Reading your well reasoned post set into stark contrast my own take on the XP system, namely that to me it's just a bit of fun.

/M


----------



## LightPhoenix

weem said:
			
		

> Though, I just noticed you have the XP system disabled and I'm not sure if it notifies you in that way still. It might though.




It doesn't, if your not a Supporter (need to get on that... ugh, money).



Maggan said:


> Reading your well reasoned post set into stark contrast my own take on the XP system, namely that to me it's just a bit of fun.




No, no fun!  When I've conquered ENW from the future, XP is now the first thing to go!  MWAHAHAHAHA... hem.  Sorry.

Sorry, I let the engineer in me take control.  Believe me, I hate statistics too.  However, anyone that's going to invoke numbers (for or against, sorry weem) needs to be made aware of what really qualifies for claims like elitism or volume or rate or what not.

To actually answer the original question - I turned it off initially because I thought it was a bad idea.  If I recall correctly, XP was introduced right around the time there were a bunch of people spamming for Post Count.  So I was already against tracking posts pretty strongly.  I _still_ don't believe it's worthwhile to track Post Count _or_ XP; I've seen many, many situations (unfortunately from both sides of the coin) where such systems lead to elitism and snobbery against newer members.  However, as per usual, the ENW community never ceases to surprise in how much it _isn't_ like other communities as much as it is.  So really the only reason I have it off right now is that I haven't turned it back on.


----------



## Morrus

LightPhoenix said:


> It doesn't, if your not a Supporter (need to get on that... ugh, money).




Nothing to do with being a supporter.  It doesn't if you've disabled rep.


----------



## Jdvn1

This is getting silly.

And I like silly.


----------



## Abraxas

Is the ability to toggle showing the xp comments on or off (along with status + other things that make 1 sentence posts take up so much vertical space) a possibility in the future?


----------



## Morrus

Abraxas said:


> Is the ability to toggle showing the xp comments on or off (along with status + other things that make 1 sentence posts take up so much vertical space) a possibility in the future?




All of these things are in the pipeline.


----------



## Abraxas

Great, Thanks.


----------



## stonegod

weem said:


> And just to put some numbers up [Snip]



Good analysis, though a few folks have already noted the flaws.
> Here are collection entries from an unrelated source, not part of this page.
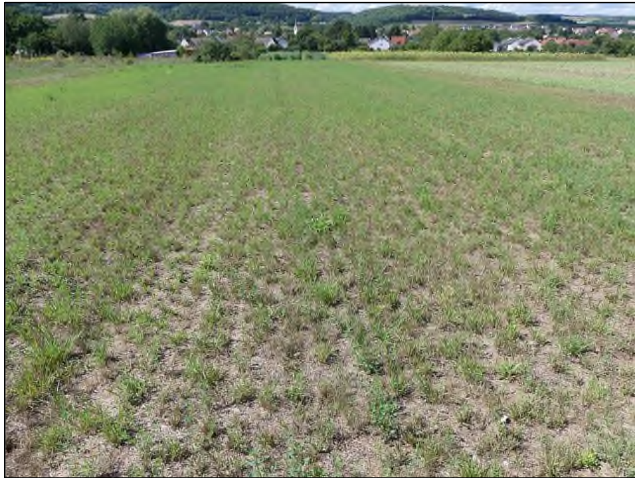
Abb. 5: Nördlicher Teil des Geltungsbereiches, Blick nach Westen (18.08.20)
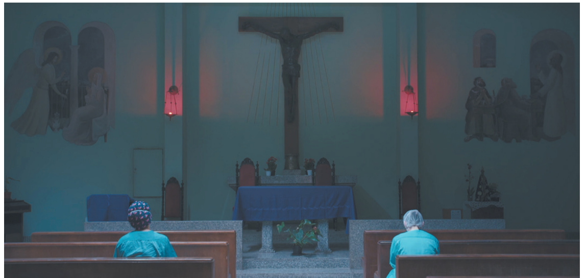
Exibição acontece na Faculdade Tiradentes-Afya e no Cinema da Fundação
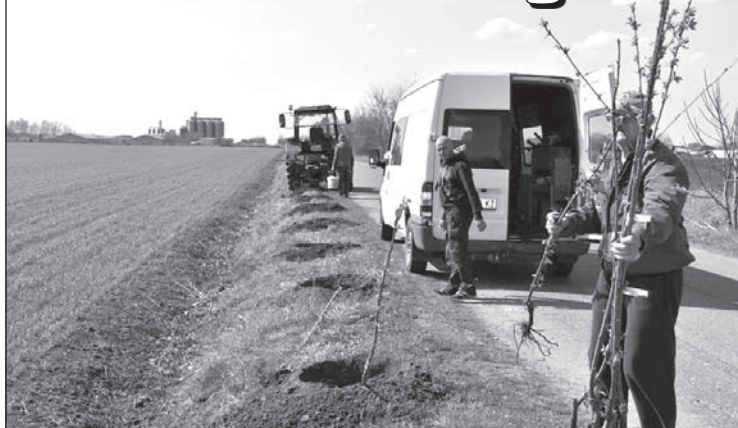
FENT: A Kertbarátkör tagjai a hét végén facsemetéket ültettek a Csúrogi út mentén
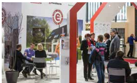
57. mednarodni sejem Dom bo na Gospodarskem razstavišču potekal od 12. do 18. marca 2018. Več informacij najdete na www.sejemdom.si.

Novosti in zadnje trende razstavljalcev s področij gradbeništva in stavbnega pohištva, ogrevalne in hladilne tehnike, notranje opreme, varovanja in urejanja okolice dopolnjuje vse sejemske dni brezplačno svetovanje strokovnjakov Gradbenega inštituta ZRMK, Eko sklada in ENSVET za vse tiste, ki prenavljate, gradite ali pa to načrtujete. V osredju sta trajnostna gradnja in ter celovita energetska prenova stavb.
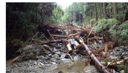
上流の荒廃状況(行川)
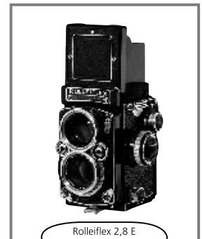
Rolleiflex 2,8 E 1956
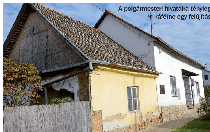
A polgármesteri hivatalra tényleg ráférne egy felújítás
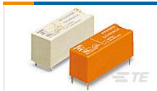
TE 产品编号8-1393224-8 RY533012
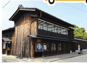
歴史的建造物・文化財
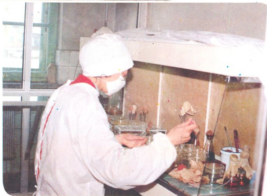
菌检业务人员正在进行药品卫生学的检验。
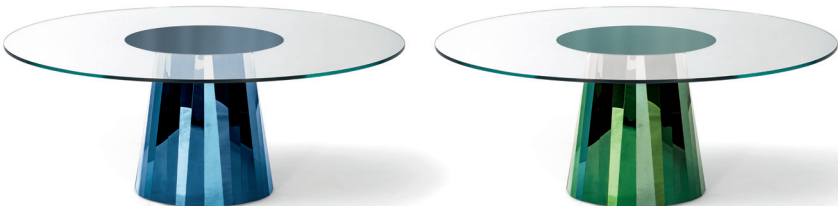
Saphir-blau, Tischplatte mittig lackiert Sapphire blue, tabletop lacquered in its centre
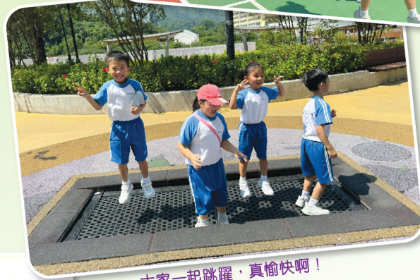
大家一起跳躍，真愉快啊！
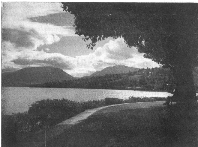
Neuchâtel: Quai Osterwald et Trou de Bourgogne
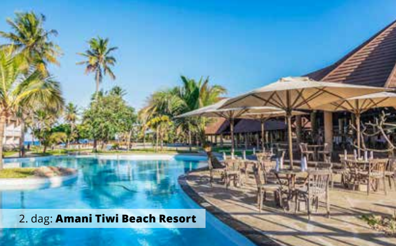
2. dag: Amani Tiwi Beach Resort
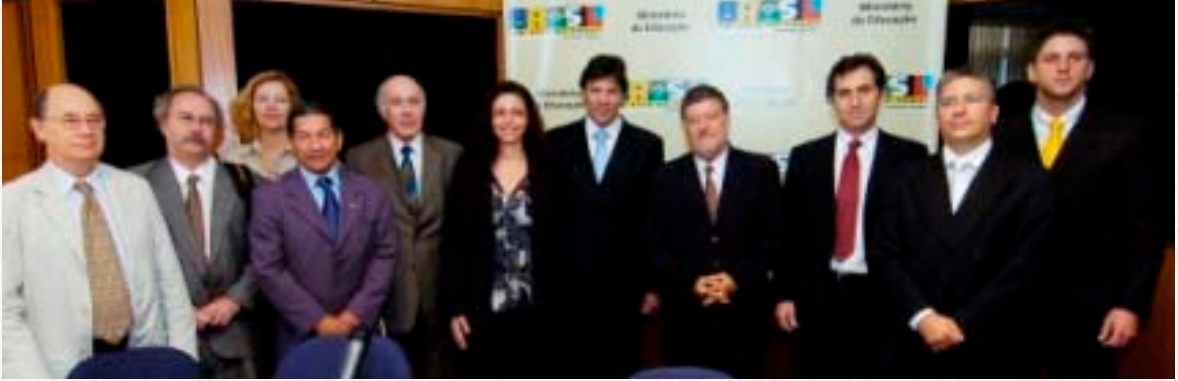
Miembros de la Comisión de Implementación de UNILA
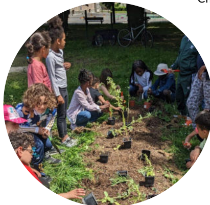
17 classes qui suivent un parcours de 6 ateliers jardinage et écologie et 9 partenaires sociaux
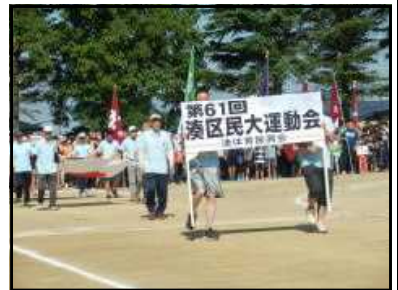
約 670 名の参加者があった入場行進。 子どもも見えました。

今年度の学校の重点施策の一つに「町内の行事に参加する」があります。その効果なのか昨年度よりも小学生の参加が多かったことにホットしました。区民運動会後の校長講話では「湊の運動会は市内1番です。」「湊は人と人が交流する温かい所です。」と話しました。これからも、地域行事への参加を促してまいりますので、子どもたちの様子を学校へ伝えていただけると幸いです。
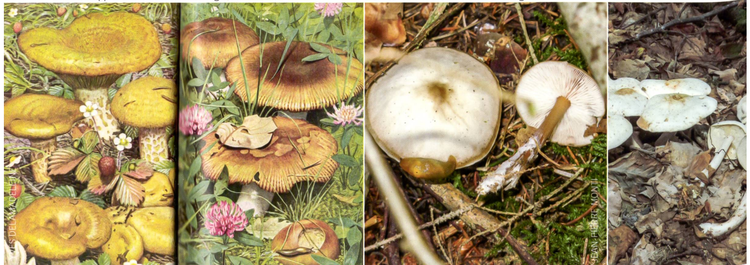
Fig. 3 Rhodocollybia maculata Abb. 3 Gefleckter Rübling
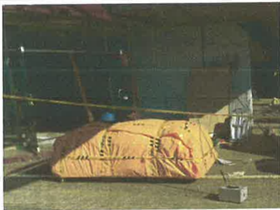
#7 폐기물 반출구1
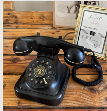
Livre d'or audio noir
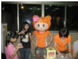
可愛又青春活潑的EASY小姑娘

本次活動共吸引社區內老中青三代女性住戶約40餘人參與，盛況可謂空前。每名參加的住戶也都獲得奧黛莉公司免費贈送的精美禮物及優惠券。現場更舉辦有獎徵答活動，帶動了全場的歡樂高潮，在一片歡樂氣氛中，活動劃下完美句點。
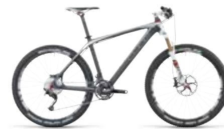
ELITE SUPER HPC 26
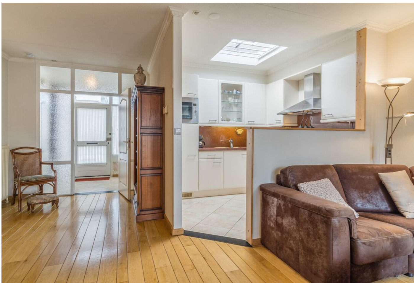
Derde Rompert 71, 'S-Hertogenbosch
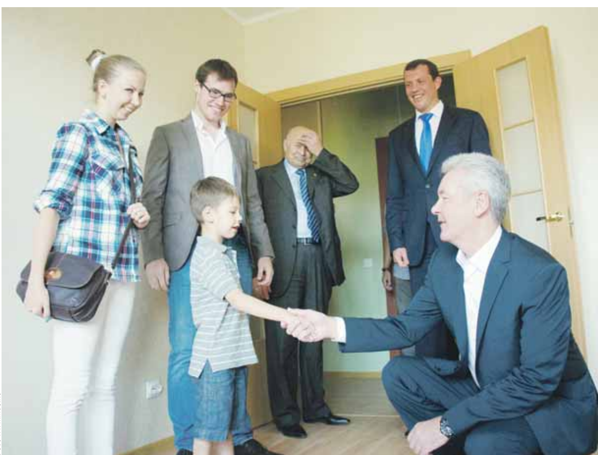
Дом сдан - дом принят
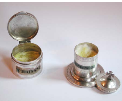
Chrisamöl und Chrisamsalbe.
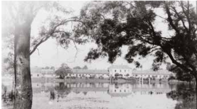
Aj námestie pred bývalým plemenárskym podnikom bolo zaplavené

Po roztrhnutí hrádze v Čičove sa voda liala smerom na Medvedov, Sap, Nárad, Pataš, Okoč, Šrobárovú, Čalovec, Opatovský Sokolec, Zemiansku Olču, Zlatnú na Ostrove, od Patiniec zas smerom na Komárno, Moču a Kolárovo. Voda obklopila Bodzu a Tõň. Zemiansku Olču, Holiare, Čičov a Čiližskú Radvaň museli evakuovať. Do Komárna sa dalo priblížiť
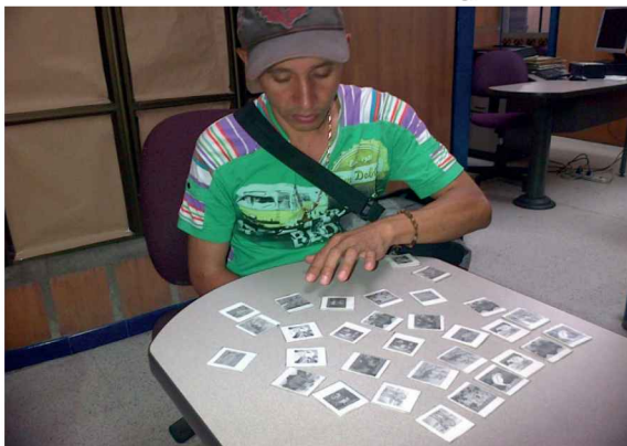
Imagen 6. Ejercicios de denominación visual de imágenes

Estudiante de primer grado en atención individual para estimulación cognitiva, ejercicios de denominación visual de imágenes. Foto tomada por Luisa Fernanda Ríos, mayo 2013.
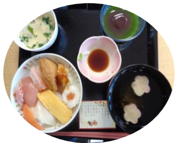
常食・一口大の方

For example, Rystil hasn't posted for about a year in a half, but his/her 22k posts aren't going to be beaten soon. I'd be curious if a post activity rate since XP inception/XP gains metric would show some correlation, but I have neither the time nor access to do so.


----------



## Pseudonym

Hussar said:


> I would like to thank everyone for giving me the opportunity to spread around much xp.




So if I get XP from someone, is it because they find merit in what I posted, or is it because they need to spread some XP around and mine happens to be a convenient post?


----------



## Morrus

Pseudonym said:


> So if I get XP from someone, is it because they find merit in what I posted, or is it because they need to spread some XP around and mine happens to be a convenient post?




I think you'd have to ask the individual member in question.


----------



## TarionzCousin

Somehow, I don't think we're providing Morrus with any useful scientific data here. 

But I'm okay with that; he's a benevolent dictator, not an algorithm.



_Edit:_ I love the comments herein, but I'm skeptical about that mop.


----------



## Asmor

Here's a question... What does the amount of green boxes next to our title/level indicate? It's non-obvious to me. There appears to be a correlation with higher levels having more green boxes, but it is non-linear. I also noted that one person had a grey box, a "level 1 kobold" who only had 7 posts in total.

I'd have guessed that it's your "experience point power" for giving exp to other people, except I wouldn't think Morrus would only have 3, and I thought that the power was tied to subscription status, not level.


----------



## weem

Usually in forums such as these, you set the XP value for additional box (or star, or mug of beer, whatever the image is) so in this case it is probably independent of the XP titles.

I could be wrong of course.


<edit>

EX:

<>   50xp
<><>   150xp
<><><>   300xp

etc

</edit>


----------



## El Mahdi

deleted


----------



## TarionzCousin

Asmor said:


> Here's a question... What does the amount of green boxes next to our title/level indicate?



It is your "Relative Testiclosity Scale." The more green boxes, the more XP you have.


----------



## Stormonu

I don't want to sound like a meanie, but I have to wonder why there isn't something where you can award _negative _XP.  Not something that actually takes away from your XP, but indicates a disagreement with someone's statement.  Tracked separately from XP.  It'd be a quick way for people to state "I don't agree with this" without having to throw out a whole post out.  I guess some people might call them "troll points", but hey, it'd point out whose argumentative on the boards, if nothing else.

_Maybe_ it would stop some of the threadcrapping that derails or get threads locked around here.


----------



## jaerdaph

Stormonu said:


> I don't want to sound like a meanie, but I have to wonder why there isn't something where you can award _negative _XP.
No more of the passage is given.